November 24, 2024

A New Tool Aims to Help Facebook Users Dig Deep

But just try finding that photo of Mom and Dad in front of the Eiffel Tower during their 2008 trip to Paris, or the name of that lovely bistro nearby that they mentioned in a status update. Odds are, you would have to plow through a lot of old posts and photos to dig out that information, if you could find it at all.

Now, Facebook is trying to make it easier to find that lost photo or restaurant recommendation and unearth other information buried within your social network with a tool it calls Graph Search.

On Monday, the company will roll out the feature to its several hundred million users in the United States and to others who use the American English version of the site. Other languages will follow.

Developing a sophisticated search feature is vital to Facebook’s long-term success, both to deepen users’ engagement and to make it more appealing to advertisers.

Experts say that Facebook’s technical achievement so far is impressive. Privacy could still be an issue, however, as more user data becomes easily accessible. Also, the feature is dependent on Facebook users volunteering more information about their likes and dislikes.

Ever since Facebook released an early version of the tool in January, the development team has been observing and listening to millions of testers and making improvements. “We launched it early, when it still was in a pretty raw state,” Lars Rasmussen, the engineering director of the project, acknowledged in a recent interview.

Early on, Mr. Rasmussen said, users had trouble even finding the search box, which was blue and melded into the border at the top of every Facebook page. The team eventually made the box white and used words to explicitly describe its purpose.

The tool also has struggled to understand how people actually use language.

For example, typing in “surfers who live in Santa Cruz” confounded the search engine, which was tuned to recognize the phrase “people who like to surf” but not synonyms like surfers or “people who like surfing,” said Loren Cheng, who leads the team of linguists who are working to refine the tool’s natural language capabilities.

The engineers also had to adapt the algorithms to consider the many ways that people express interest in a topic.

For example, Mr. Rasmussen, a ballet fan, said that when he looked for “friends who like ballet,” only two popped up. But many more friends had liked the pages of individual ballet companies. So the search engine now takes into account related pages when assessing whether users like a topic.
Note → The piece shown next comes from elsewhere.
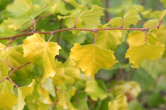 Листья: треугольные, заостренные, золотисто-желтые, матовые.

Facebook’s Graph Search is still a work in progress, as company officials are quick to acknowledge. Its recognition of synonyms and related topics is spotty. It cannot yet find information in status updates, a top request from users. It does not yet incorporate information from third-party apps like Yelp or Instagram, which is owned by Facebook. And the new search tool is not available on Facebook’s mobile apps, which are increasingly the way that people use the service.

But Facebook believes it is now good enough for wide release. And despite the tool’s limitations, technologists praised the company’s work.

“There is a near infinite variety of ways to say anything in English or in any other language,” said Nick Cassimatis, an associate professor at Rensselaer Polytechnic Institute and a co-founder of SkyPhrase, a start-up working on similar natural-language search technology. “They are trying to memorize all the ways of saying something.”

Unlike Google’s familiar search engine, which typically takes the keywords entered into a search box and matches them to the most relevant Web pages that contain them, Facebook’s search looks primarily at structured data.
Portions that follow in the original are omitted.